Other Headache Types That Require Imaging
There are a host of relatively rare conditions that can present with headache, of which two will be discussed by the authors. Cerebral autosomal dominant arteriopathy with subcortical infarcts and leukoencephalopathy (CADASIL) is a hereditary angiopathy that is an important cause of stroke in young patients. Migraine with aura (MA) occurs in 20–40% of these patients, and when present is usually the first symptom. In practice, a suggestive family history associated with MA, or transient ischemic attack and/or stroke in a young patient, should prompt consideration of this condition. Imaging is an essential component of the diagnostic work-up, and may demonstrate multiple ischemic strokes incongruous to the patients age and cardiovascular risk profile. Anterior temporal lobe involvement is particularly characteristic of this condition.

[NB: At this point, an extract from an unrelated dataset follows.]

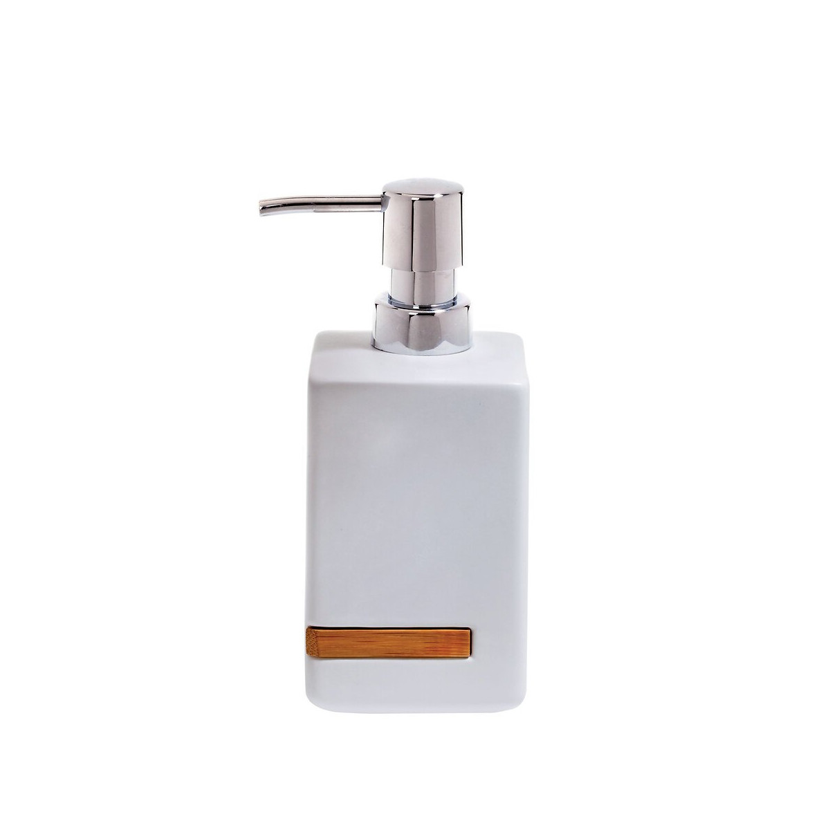 Distributeur de savon liquide Oslo à poser en matière stoneware et bambou. Coloris blanc. Distribution du savon par appui sur la pompe. La pompe en matière plastique finition chromée se dévisse pour permettre le remplissage. Contenance : 0,3L. Largeur 7,5cmxHauteur 17,9cm.Spécifications techniques

The syndrome of mitochondrial encephalopathy with lactic acidosis and stroke-like episodes (MELAS) is an inherited multisystem disorder caused by mutations in mitochondrial DNA that can present with migraine-like headaches. The phenotype is quite heterogeneous, but typically manifests in childhood with recurrent bouts of vomiting and/or migraine. Those patients at the less severe end of the spectrum and without a suggestive family history or signs, such as loss of hearing, may only be diagnosed after presenting with a stroke. MRI abnormalities can be transient, tend to localize to grey matter, and do not conform to a vascular territory.

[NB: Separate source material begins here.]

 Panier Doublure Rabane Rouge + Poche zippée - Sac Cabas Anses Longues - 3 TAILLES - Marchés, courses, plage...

Primary headache is a common condition; migraine causes much of the morbidity in this population. The decision to order an MRI brain scan is a common dilemma facing clinicians, and should only be contemplated when there is clinical suspicion of a secondary cause of headache, usually indicated by the presence of one of the 'red flags'. Studies demonstrate that there is no appreciable difference in the frequency of pathological and incidental findings in common headache populations compared with the general community. Imaging is therefore not routinely required where a primary headache diagnosis can be made, except in special cases outlined above, such as the TACs. Clinicians must be aware of the risk of manufacturing morbidity in diagnosing a patient with incidental, nonsignificant imaging changes.